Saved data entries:
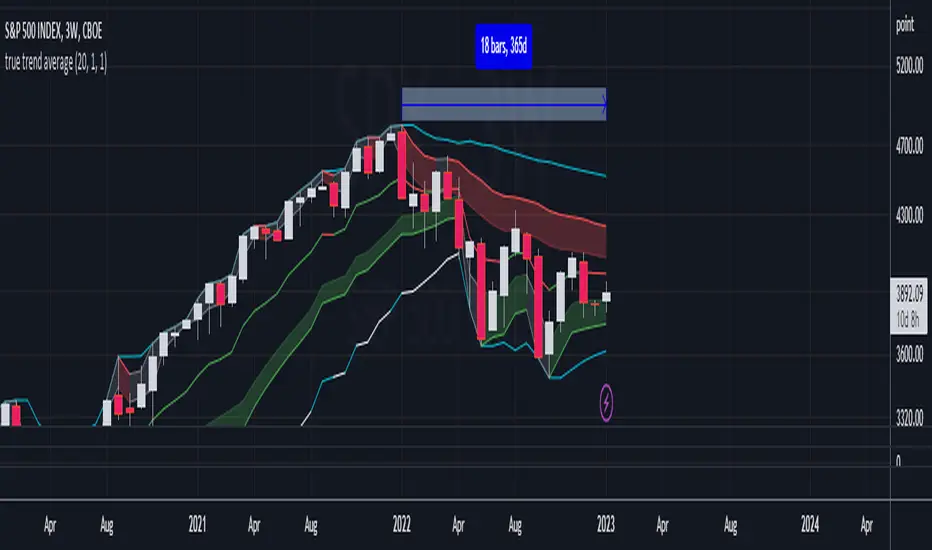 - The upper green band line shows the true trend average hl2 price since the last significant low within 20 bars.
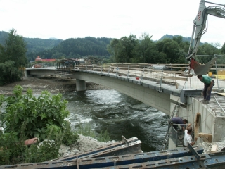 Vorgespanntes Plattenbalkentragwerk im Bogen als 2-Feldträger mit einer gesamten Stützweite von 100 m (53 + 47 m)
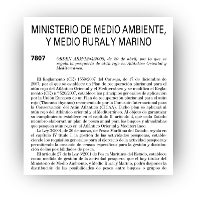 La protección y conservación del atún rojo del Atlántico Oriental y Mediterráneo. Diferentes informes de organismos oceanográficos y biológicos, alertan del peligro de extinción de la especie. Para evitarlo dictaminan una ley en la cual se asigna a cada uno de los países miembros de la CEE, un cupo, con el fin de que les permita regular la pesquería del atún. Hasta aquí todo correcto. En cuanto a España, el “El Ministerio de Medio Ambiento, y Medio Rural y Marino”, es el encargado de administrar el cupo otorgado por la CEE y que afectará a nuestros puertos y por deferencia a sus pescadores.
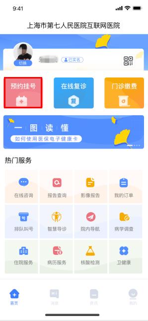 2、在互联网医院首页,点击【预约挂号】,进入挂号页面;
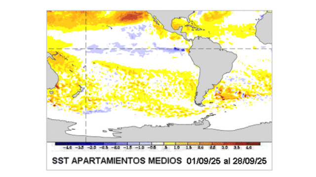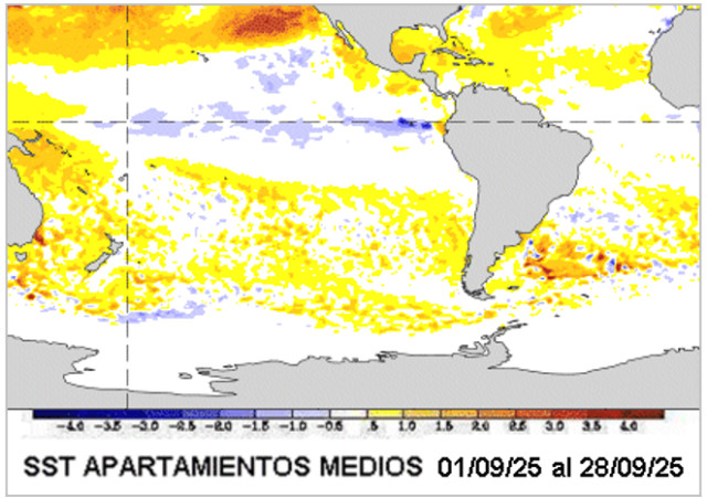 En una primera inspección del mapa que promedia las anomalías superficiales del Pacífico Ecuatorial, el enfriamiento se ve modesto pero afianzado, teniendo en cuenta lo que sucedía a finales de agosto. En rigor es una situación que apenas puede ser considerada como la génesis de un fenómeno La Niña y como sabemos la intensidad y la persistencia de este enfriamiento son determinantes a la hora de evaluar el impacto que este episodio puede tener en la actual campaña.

**ACTIVITY**
Produce a verbatim copy of all records, minus pictures.

**TASK RESPONSE**
 - The upper green band line shows the true trend average hl2 price since the last significant low within 20 bars.
 Vorgespanntes Plattenbalkentragwerk im Bogen als 2-Feldträger mit einer gesamten Stützweite von 100 m (53 + 47 m)
 La protección y conservación del atún rojo del Atlántico Oriental y Mediterráneo. Diferentes informes de organismos oceanográficos y biológicos, alertan del peligro de extinción de la especie. Para evitarlo dictaminan una ley en la cual se asigna a cada uno de los países miembros de la CEE, un cupo, con el fin de que les permita regular la pesquería del atún. Hasta aquí todo correcto. En cuanto a España, el “El Ministerio de Medio Ambiento, y Medio Rural y Marino”, es el encargado de administrar el cupo otorgado por la CEE y que afectará a nuestros puertos y por deferencia a sus pescadores.
 2、在互联网医院首页,点击【预约挂号】,进入挂号页面;
 En una primera inspección del mapa que promedia las anomalías superficiales del Pacífico Ecuatorial, el enfriamiento se ve modesto pero afianzado, teniendo en cuenta lo que sucedía a finales de agosto. En rigor es una situación que apenas puede ser considerada como la génesis de un fenómeno La Niña y como sabemos la intensidad y la persistencia de este enfriamiento son determinantes a la hora de evaluar el impacto que este episodio puede tener en la actual campaña.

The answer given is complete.